• [Problem to work on]:
Would you return exactly the lines below from the line with "1、首次启动时,请仔细阅读并" through the line with "herlitz Dreikant-Buntstifte Trilino, 12er", both included, and nothing else, leaving out the pictures?

• [Input]:
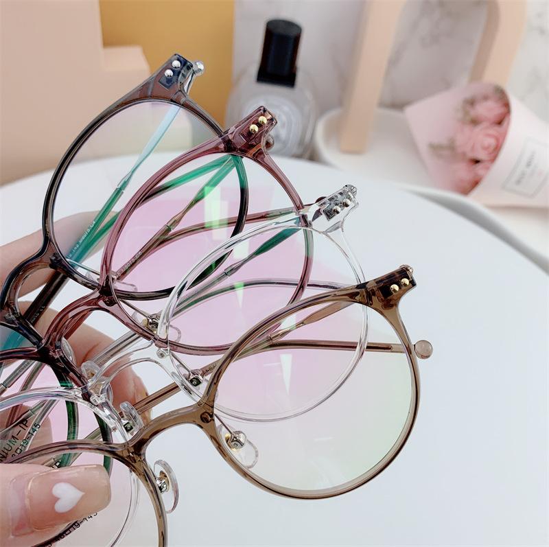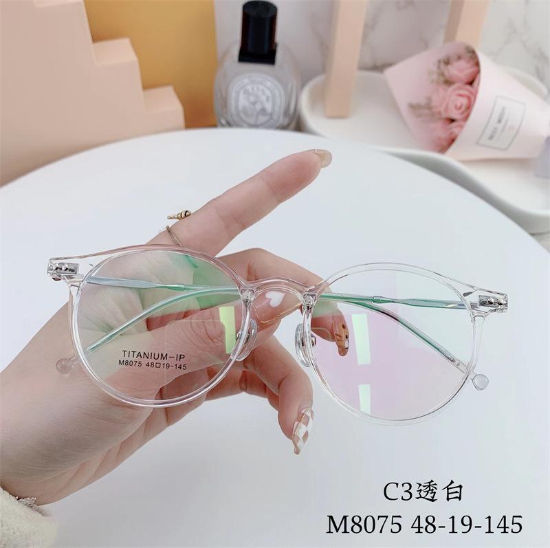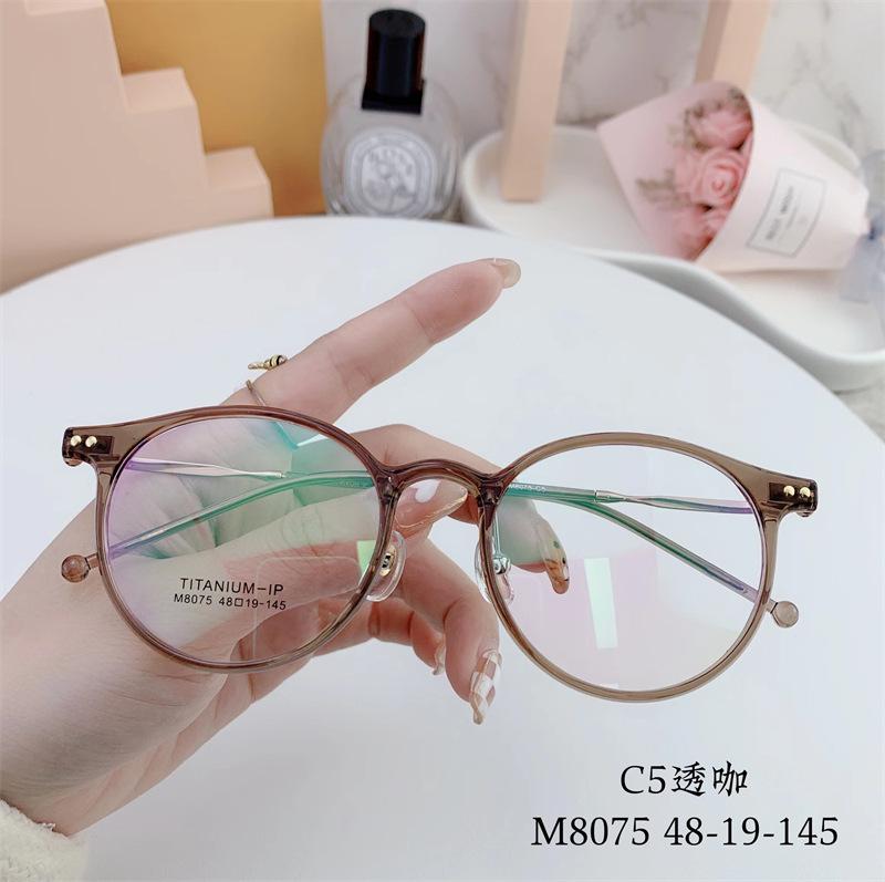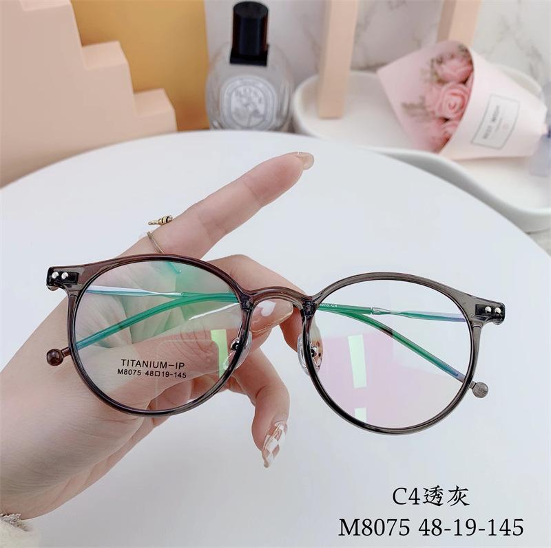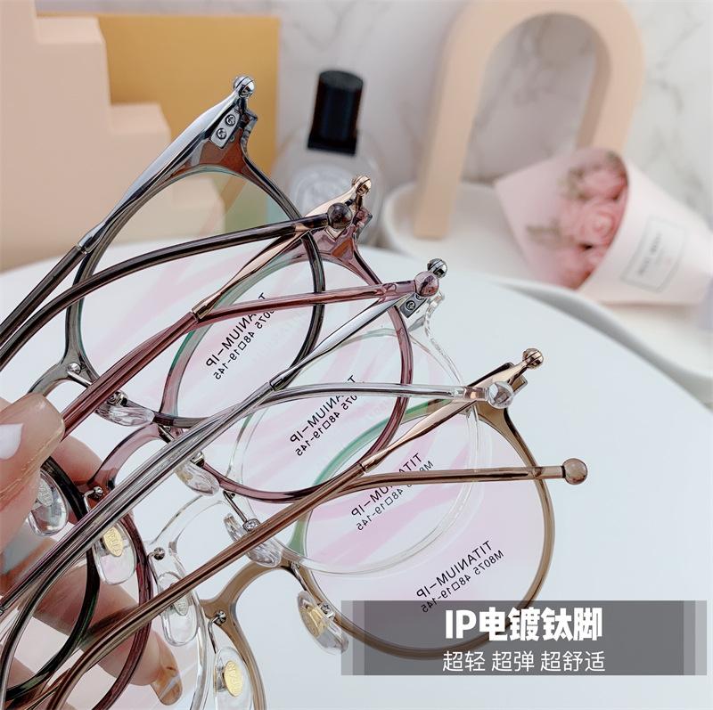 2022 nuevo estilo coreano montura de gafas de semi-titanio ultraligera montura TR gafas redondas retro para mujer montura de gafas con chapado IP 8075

* * *

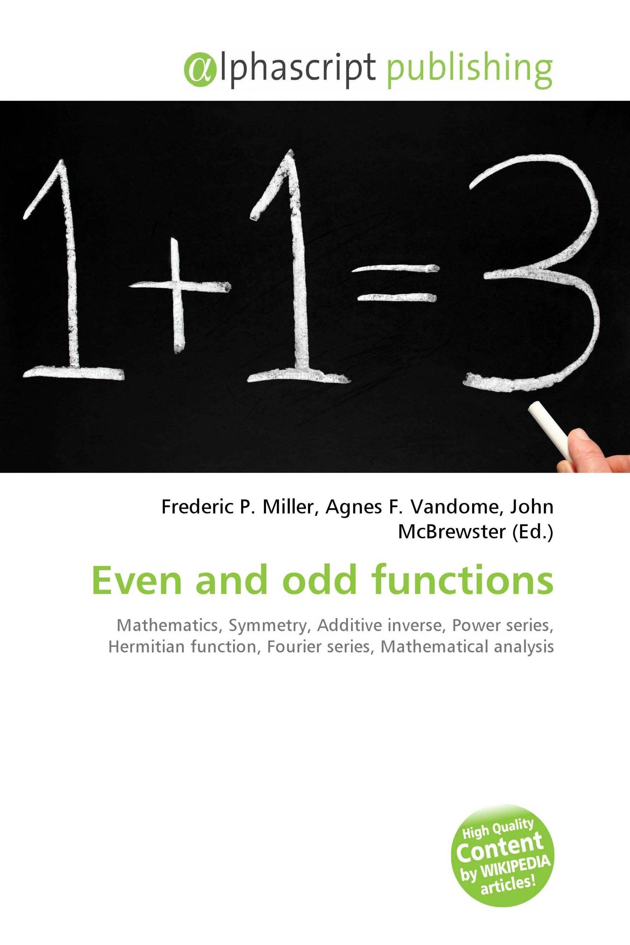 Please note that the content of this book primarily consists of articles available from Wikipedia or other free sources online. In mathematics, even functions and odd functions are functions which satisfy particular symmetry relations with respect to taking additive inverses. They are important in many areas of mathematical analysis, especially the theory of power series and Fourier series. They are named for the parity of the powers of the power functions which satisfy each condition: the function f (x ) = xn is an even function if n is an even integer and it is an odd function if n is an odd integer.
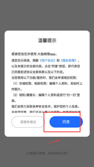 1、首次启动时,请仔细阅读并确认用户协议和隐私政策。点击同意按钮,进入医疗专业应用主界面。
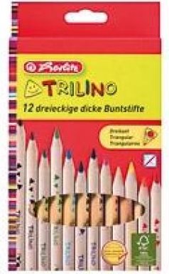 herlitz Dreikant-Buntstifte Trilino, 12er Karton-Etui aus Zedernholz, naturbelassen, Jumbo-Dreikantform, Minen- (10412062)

• [Response for this exercise]:
 1、首次启动时,请仔细阅读并确认用户协议和隐私政策。点击同意按钮,进入医疗专业应用主界面。
 herlitz Dreikant-Buntstifte Trilino, 12er Karton-Etui aus Zedernholz, naturbelassen, Jumbo-Dreikantform, Minen- (10412062)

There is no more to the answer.